Continuing from last week’s text, Stephen has finished his his sermon, and a rousing one it is for the believer. But rather than Amen, brother, what is the reaction of Stephen’s audience?
When the members of the Sanhedrin heard this, they were furious and gnashed their teeth at him.
Well, why is this? Aren’t we just all kinda good folk who get off track every now and then? No, actually…
51 “You stiff-necked people! Your hearts and ears are still uncircumcised. You are just like your ancestors: You always resist the Holy Spirit! 52 Was there ever a prophet your ancestors did not persecute? They even killed those who predicted the coming of the Righteous One. And now you have betrayed and murdered him— 53 you who have received the law that was given through angels but have not obeyed it.”
It takes a miracle of God for us to feel with our stony hearts and hear through our deaf ears (This was said to the Sanhedrin, but the rest of Scripture attributes the same moral deficiencies to us, unfortunately). Just look forward in Acts to see what was required to wake Saul from his sin, the very one who oversaw and approved of the martyring of Stephen in Acts 7.
For this reason, I never take the grace I have received flippantly, for I would remain lost if it had anything to do with my own formerly uncircumcised heart and ears. But there’s another thing in this chapter that is noteworthy for our lives once we’ve come to Christ. If you dare to speak the Word faithfully, and truly, as Stephen did, you will encounter furious teeth gnashers. It’s just the way it is. As Luther said, where the gospel is truly preached, there will be strife.
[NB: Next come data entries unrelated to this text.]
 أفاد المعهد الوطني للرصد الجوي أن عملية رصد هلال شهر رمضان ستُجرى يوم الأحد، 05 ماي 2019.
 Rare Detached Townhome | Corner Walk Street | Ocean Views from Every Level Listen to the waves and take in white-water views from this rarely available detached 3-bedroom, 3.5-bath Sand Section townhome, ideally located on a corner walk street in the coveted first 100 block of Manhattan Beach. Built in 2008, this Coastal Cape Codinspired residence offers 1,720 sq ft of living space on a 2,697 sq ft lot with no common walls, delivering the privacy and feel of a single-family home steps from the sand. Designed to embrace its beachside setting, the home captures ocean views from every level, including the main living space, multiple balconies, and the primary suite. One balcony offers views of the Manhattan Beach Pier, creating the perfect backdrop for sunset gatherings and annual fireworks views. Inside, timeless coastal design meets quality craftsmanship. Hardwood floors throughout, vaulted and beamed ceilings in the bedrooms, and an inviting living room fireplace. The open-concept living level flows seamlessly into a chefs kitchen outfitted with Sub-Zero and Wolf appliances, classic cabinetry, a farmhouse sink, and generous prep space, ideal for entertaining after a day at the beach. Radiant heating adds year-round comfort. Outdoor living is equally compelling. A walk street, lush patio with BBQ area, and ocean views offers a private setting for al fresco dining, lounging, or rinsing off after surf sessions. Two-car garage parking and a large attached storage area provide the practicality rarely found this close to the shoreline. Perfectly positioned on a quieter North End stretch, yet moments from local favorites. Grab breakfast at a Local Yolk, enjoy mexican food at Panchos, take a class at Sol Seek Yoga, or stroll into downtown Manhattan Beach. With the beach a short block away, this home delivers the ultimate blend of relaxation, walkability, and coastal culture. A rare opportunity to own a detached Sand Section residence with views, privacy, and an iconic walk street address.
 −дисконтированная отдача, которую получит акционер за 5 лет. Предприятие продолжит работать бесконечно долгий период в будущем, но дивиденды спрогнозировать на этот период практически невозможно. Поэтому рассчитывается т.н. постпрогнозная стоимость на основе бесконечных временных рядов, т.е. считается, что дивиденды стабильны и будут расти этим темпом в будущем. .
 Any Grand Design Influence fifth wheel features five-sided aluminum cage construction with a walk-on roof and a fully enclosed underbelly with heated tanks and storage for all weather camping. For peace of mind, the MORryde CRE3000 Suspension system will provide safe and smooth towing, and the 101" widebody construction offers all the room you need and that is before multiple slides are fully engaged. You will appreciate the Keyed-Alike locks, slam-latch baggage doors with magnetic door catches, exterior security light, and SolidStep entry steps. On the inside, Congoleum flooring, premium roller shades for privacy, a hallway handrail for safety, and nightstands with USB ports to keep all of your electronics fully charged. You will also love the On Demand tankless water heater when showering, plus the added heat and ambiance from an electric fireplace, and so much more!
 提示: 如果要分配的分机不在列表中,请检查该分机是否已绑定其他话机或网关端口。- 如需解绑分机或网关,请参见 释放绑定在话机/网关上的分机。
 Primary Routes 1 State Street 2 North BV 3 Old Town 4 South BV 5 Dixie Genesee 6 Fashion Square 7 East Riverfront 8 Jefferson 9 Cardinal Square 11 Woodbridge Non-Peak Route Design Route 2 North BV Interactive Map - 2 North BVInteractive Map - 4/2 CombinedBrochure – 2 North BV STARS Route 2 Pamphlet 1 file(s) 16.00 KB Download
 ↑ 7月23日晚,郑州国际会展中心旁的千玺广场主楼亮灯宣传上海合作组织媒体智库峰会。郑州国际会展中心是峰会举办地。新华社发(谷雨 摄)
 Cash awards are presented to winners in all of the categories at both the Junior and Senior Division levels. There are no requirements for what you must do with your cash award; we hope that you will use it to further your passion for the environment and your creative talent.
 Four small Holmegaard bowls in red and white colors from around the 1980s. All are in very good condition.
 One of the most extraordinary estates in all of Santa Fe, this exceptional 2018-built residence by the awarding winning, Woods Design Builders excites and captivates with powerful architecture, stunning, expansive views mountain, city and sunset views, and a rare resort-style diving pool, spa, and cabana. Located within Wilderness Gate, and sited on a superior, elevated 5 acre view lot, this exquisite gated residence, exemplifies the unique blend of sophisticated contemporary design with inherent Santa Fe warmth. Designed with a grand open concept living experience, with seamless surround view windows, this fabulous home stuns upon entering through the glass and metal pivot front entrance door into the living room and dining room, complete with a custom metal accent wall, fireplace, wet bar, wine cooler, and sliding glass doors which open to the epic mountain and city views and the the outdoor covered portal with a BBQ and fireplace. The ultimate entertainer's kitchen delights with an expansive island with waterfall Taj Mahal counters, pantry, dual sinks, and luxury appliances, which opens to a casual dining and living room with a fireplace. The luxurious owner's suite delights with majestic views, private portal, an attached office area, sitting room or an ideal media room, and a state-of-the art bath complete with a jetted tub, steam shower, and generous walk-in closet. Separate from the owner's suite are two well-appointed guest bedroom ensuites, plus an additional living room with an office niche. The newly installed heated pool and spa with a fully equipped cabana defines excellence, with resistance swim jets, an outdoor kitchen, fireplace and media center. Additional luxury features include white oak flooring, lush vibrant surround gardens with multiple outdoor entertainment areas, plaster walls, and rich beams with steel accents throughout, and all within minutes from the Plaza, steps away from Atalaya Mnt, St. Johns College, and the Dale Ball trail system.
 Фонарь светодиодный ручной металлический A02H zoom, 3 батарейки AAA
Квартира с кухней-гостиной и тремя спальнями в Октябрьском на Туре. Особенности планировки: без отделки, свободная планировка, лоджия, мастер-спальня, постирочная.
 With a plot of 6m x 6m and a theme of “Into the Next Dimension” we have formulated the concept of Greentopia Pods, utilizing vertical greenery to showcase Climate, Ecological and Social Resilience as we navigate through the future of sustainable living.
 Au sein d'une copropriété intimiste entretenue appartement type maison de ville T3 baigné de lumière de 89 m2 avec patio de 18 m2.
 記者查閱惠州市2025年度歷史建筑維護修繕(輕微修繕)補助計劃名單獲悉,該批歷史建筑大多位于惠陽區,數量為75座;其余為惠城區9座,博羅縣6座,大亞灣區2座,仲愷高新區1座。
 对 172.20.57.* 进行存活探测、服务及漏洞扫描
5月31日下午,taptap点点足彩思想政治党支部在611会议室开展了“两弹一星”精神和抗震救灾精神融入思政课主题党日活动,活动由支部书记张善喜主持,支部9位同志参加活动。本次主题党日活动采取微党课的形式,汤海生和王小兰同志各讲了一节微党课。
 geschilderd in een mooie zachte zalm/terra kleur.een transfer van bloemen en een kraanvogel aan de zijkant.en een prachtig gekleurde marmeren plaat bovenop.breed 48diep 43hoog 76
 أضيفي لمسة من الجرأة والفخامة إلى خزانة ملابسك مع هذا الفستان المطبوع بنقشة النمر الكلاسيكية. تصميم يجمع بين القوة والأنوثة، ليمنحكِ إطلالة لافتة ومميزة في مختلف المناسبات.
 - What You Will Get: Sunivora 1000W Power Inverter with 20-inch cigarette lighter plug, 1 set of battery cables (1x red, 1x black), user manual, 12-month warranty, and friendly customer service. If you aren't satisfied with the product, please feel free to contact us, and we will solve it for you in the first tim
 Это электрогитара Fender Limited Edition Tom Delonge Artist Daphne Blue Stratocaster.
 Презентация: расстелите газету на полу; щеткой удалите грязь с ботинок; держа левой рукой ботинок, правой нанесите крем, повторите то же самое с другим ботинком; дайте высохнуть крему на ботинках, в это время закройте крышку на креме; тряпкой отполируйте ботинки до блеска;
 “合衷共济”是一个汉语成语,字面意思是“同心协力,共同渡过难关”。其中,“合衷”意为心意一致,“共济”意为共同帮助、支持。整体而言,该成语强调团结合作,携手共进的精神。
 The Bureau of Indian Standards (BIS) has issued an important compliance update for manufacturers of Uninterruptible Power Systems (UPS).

Think of your life…if absolutely no one is ever upset with you, then you’re not sharing the Word, or it’s watered down beyond the point where it’s hard to recognize what it is. Or, someone is upset with you for something other than the Word. That doesn’t count. 🙂
There’s a reason they killed the prophets–as Stephen explained–and the Christ. The gospel is offensive (we’re all rotten) as much as it is sweet (Christ died for that rotteness). The preaching of God’s will for the Christian’s life is sometimes offensive (No, you just can’t continue to hate your enemy, no matter what she did to you). It cuts, like a double edge sword, and if you wield it, someone’s gonna get mad.
But trust in it, for God will not abandon you. It’s my opinion that Stephen never felt the first stone. Instead, he was caught up in the vision of the heaven to which he was about to enter.
Amen.
PS-please, please don’t use this devotional as license to run around as a holier-than-thou jerk or busy-body. 🙂 Without love, we are noisy gongs and clanging cymbals and we are not meant to intrude into everybody else’s business!